Frank Gaffney, a former Reagan administration official who got his start working under Richard Perle on the staff of Sen. Henry "Scoop" Jackson (D-WA) in the 1970s, is a prominent neoconservative hardliner whose Center for Security Policy (CSP) serves as a clearinghouse for information and analyses that promote controversial weapons programs, a Likudnik line on Mideast peace issues, and an expansive "war on terror" targeting "Islamofascists" (a popular Gaffney term) throughout the Middle East.
Gaffney has also supported a long line of rightist and neoconservative advocacy groups and research institutes. He was a founding member of the Project for the New American Century, a neocon-led letterhead group formed in 1997 by William Kristol and Robert Kagan to champion a "Reaganite" foreign policy based on military strength and an interventionist overseas agenda. Gaffney is also a contributing expert for the Israel-based Ariel Center, which maintains a number of close links to rightist pro-Israel groups in the United States, and is a member of the Committee on the Present Danger (CPD), the hawkish anti-communist Cold War-era group that was revived after the 9/11 terrorist attacks to champion the war on terror. He is an adviser for the Foundation for the Defense of Democracies, created after 9/11 with the purported mission of "promoting pluralism, defending democratic values, and fighting the ideologies that drive terrorism," and was an adviser to the now largely defunct Americans for Victory over Terrorism, created in 2002 by a William Bennett-led group of hardliners and neoconservatives.
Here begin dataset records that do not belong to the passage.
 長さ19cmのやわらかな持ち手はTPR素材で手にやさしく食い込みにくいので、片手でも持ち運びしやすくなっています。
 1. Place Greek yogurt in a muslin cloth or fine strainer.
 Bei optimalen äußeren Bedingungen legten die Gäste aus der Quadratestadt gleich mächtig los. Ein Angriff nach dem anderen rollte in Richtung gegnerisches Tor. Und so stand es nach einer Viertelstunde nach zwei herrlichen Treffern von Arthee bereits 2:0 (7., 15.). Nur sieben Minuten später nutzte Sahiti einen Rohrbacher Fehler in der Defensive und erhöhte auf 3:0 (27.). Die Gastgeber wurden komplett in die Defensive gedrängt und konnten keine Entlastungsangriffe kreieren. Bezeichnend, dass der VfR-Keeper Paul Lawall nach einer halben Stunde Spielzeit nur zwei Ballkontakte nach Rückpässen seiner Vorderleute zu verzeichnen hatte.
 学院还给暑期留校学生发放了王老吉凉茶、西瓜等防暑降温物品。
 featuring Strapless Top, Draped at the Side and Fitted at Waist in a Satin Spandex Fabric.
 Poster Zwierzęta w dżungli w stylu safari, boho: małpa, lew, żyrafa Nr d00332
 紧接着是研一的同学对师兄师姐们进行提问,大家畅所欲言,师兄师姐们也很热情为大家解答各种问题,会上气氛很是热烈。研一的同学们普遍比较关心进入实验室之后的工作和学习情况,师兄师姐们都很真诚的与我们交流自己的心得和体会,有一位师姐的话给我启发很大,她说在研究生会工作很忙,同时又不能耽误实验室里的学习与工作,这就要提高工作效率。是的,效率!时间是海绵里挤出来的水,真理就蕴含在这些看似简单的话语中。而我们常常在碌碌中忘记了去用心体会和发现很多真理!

After the presidential victory of Ronald Reagan, Gaffney joined the Pentagon, where he served as an aide to then-Assistant Secretary of Defense Richard Perle. Because of his pugnacity, especially toward State Department officials, Gaffney earned the moniker "Perle's Bulldog." After Perle resigned in 1987, Gaffney was nudged out of the Pentagon by Perle's replacement Frank Carlucci. Gaffney subsequently created the Center for Security Policy, which counts among its advisers an impressive list of retired military brass and elite public policy figures.
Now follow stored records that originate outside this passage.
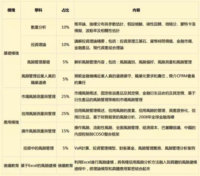 CFRM考試大綱(僅供參考)>>點我了解更多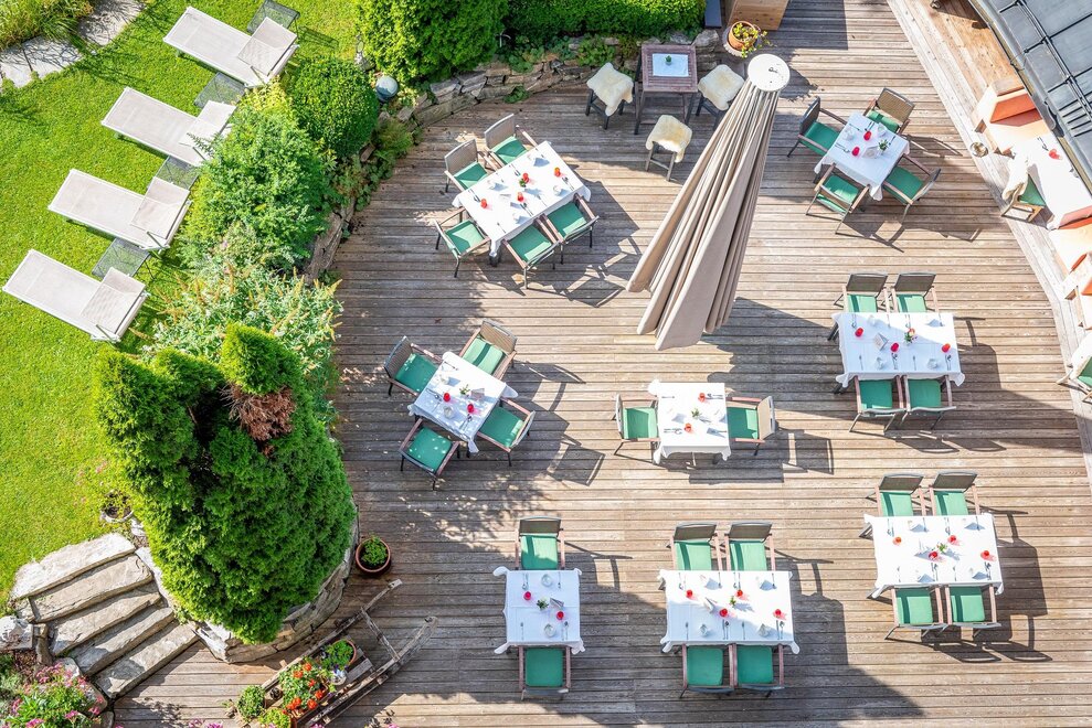 Guests enjoy a gourmet breakfast with front cooking daily, as well as a 5-course menu (also vegetarian) and vegan options upon request (30,- € surcharge for breakfast bookings). In the afternoon, homemade cakes from the in-house patisserie are tempting (in winter, plus a soup pot).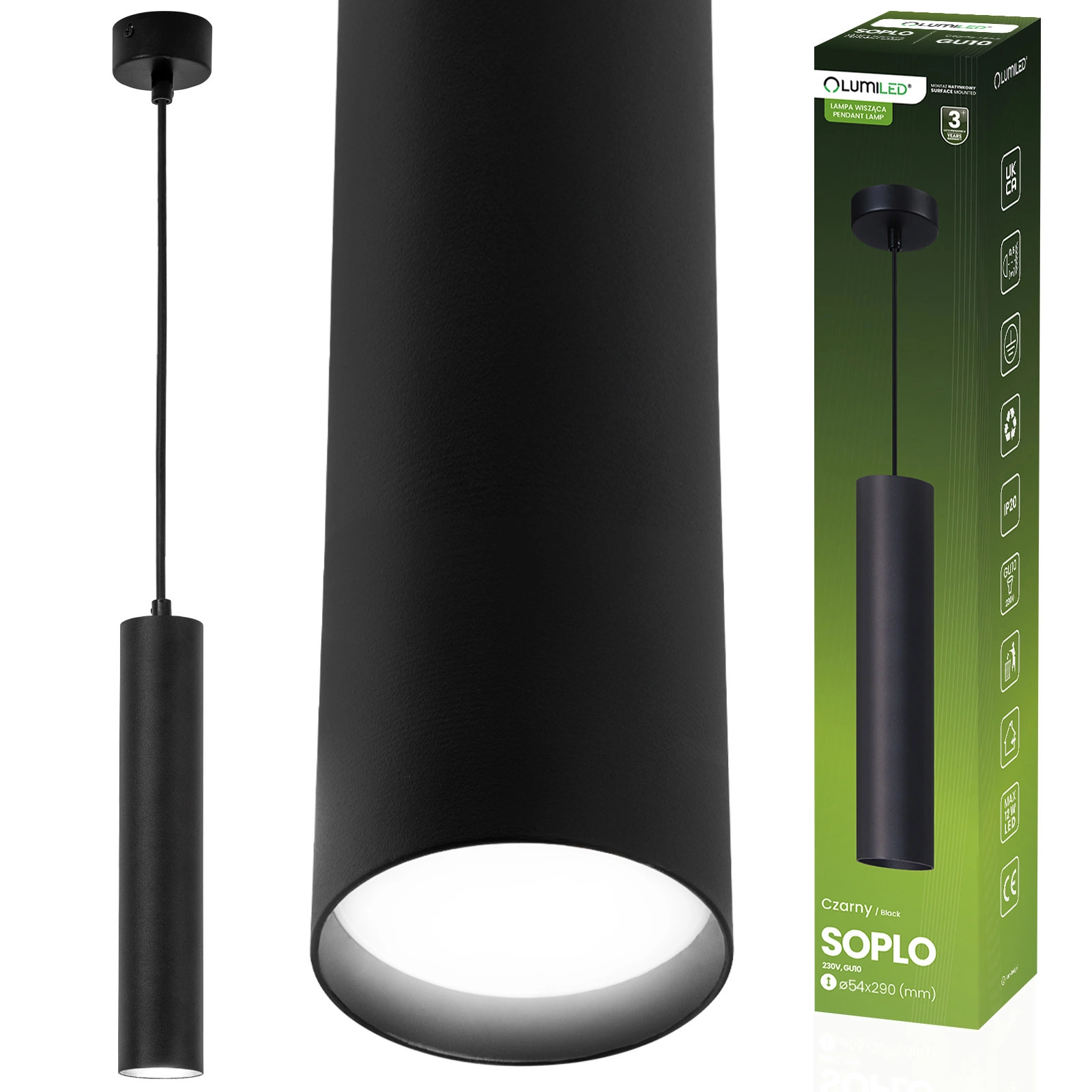 Lampa Wisząca Sufitowa Zwis 29cm Reflektor GU10 LED SOPLO Czarny LUMILED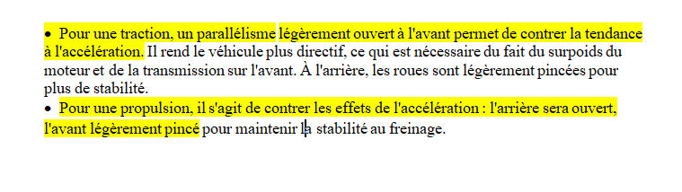 | pour ma part ... toutes mes voitures modernes tirent à droite sur les routes à devers .... seule solution malgré toutes les tentatives de réglage pro .. augmenter légèrement l'ouverture du "pincement" ...., je fais ça de façon empirique en ajoutant 1 ou 2 ° d'ouverture !! en fait : sur nos spit , il faut savoir que la propulsion provoque du pincement sur le train avant ... ce qui fait qu'en statique tu es parallèle ou ouvert , mais en dynamique tu es pincé . donc tres sensible à l'inclinaison latérale de la route ... |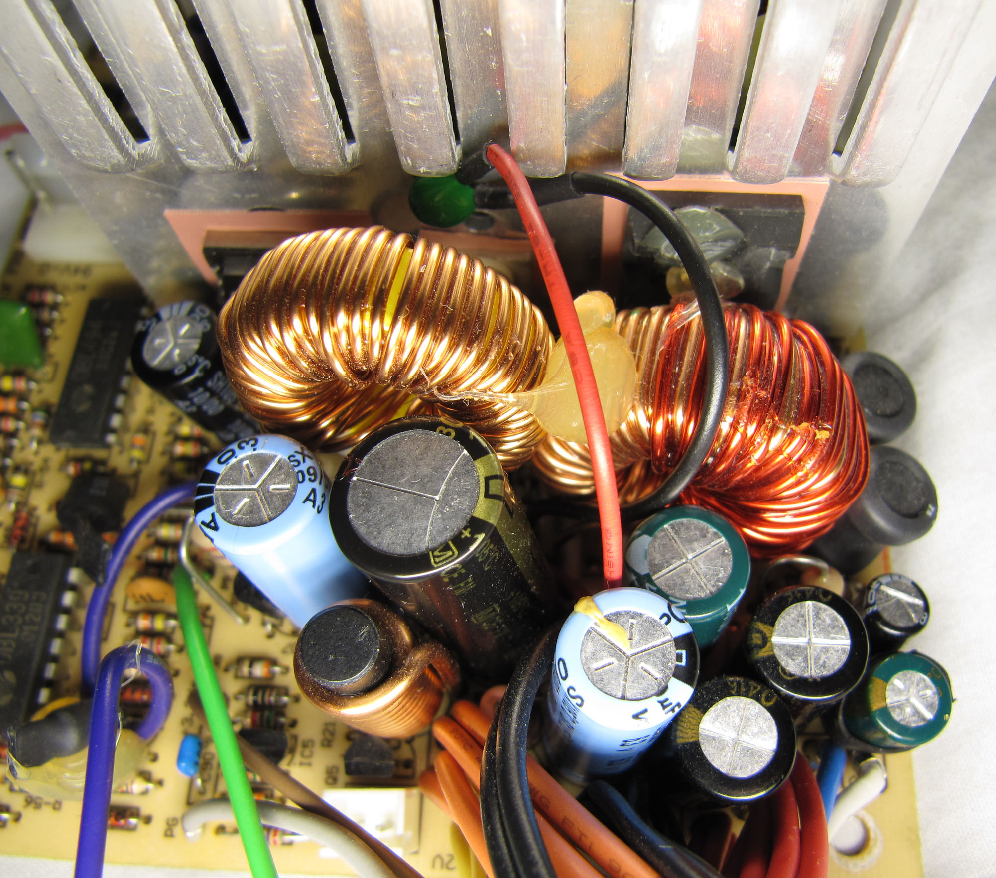The primary section includes a PBL405 bridge rectifier, 2x470uF 200V Capxon capacitors (their capacity is in specs) and 2x 2SC2625. All of them more than good for 250W continuous.

Gaffney is also one of the principals of the Set America Free Coalition. The coalition—which includes military contractors, neocons, and greens—shares staff and principals with the Institute for the Analysis of Global Security. It believes that national security is closely connected with energy security, especially from Middle East oil. Its slogan is "Cut Dependence on Foreign Oil. Secure America."
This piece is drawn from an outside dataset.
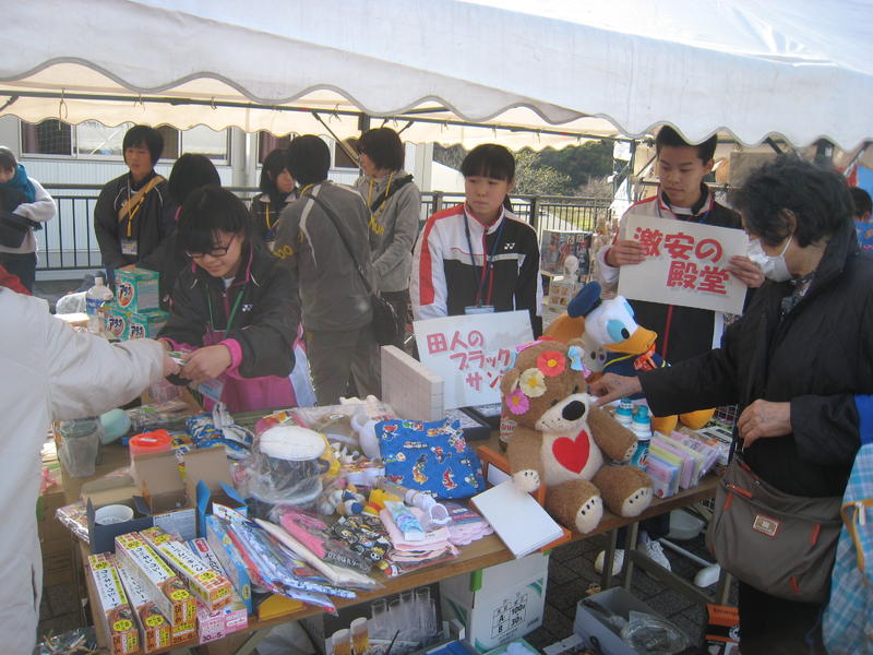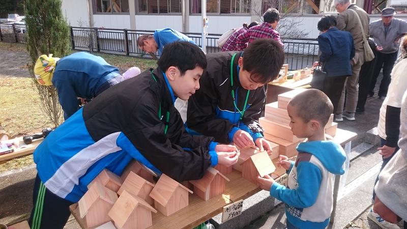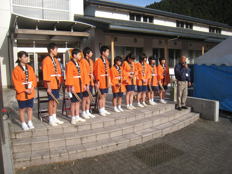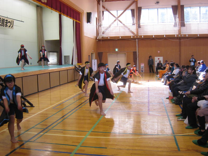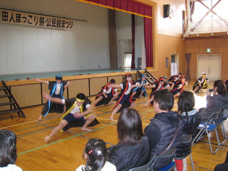 オープニングの「田人太鼓」披露に続き、体育館では「よさこい」を踊り、地域の方々に田人中生の元気な姿を見ていただきました。「ほっこり祭」での中学生の活躍は、地域にとってなくてはならないものになっています。オープニング終了後は、田人中学校PTAバザーの手伝いや、「ほっこり祭」に参加している団体のお手伝いを行い、地域の方々と一体になって活動しました。

The largely neocon group includes Rep. Eliot Engel (D-NY); Clifford May, president of Foundation for Defense of Democracies; Robert McFarlane; Thomas Neumann of the Jewish Institute for National Security Affairs, Daniel Pipes of Middle East Forum, James Woolsey, and Meyrav Wurmser of the Hudson Institute. Other notables include Gary Bauer of American Values, former Sen. Lincoln Chaffee (R-RI), David Harris of the American Jewish Committee, and Milton Copulos of the National Defense Council Foundation.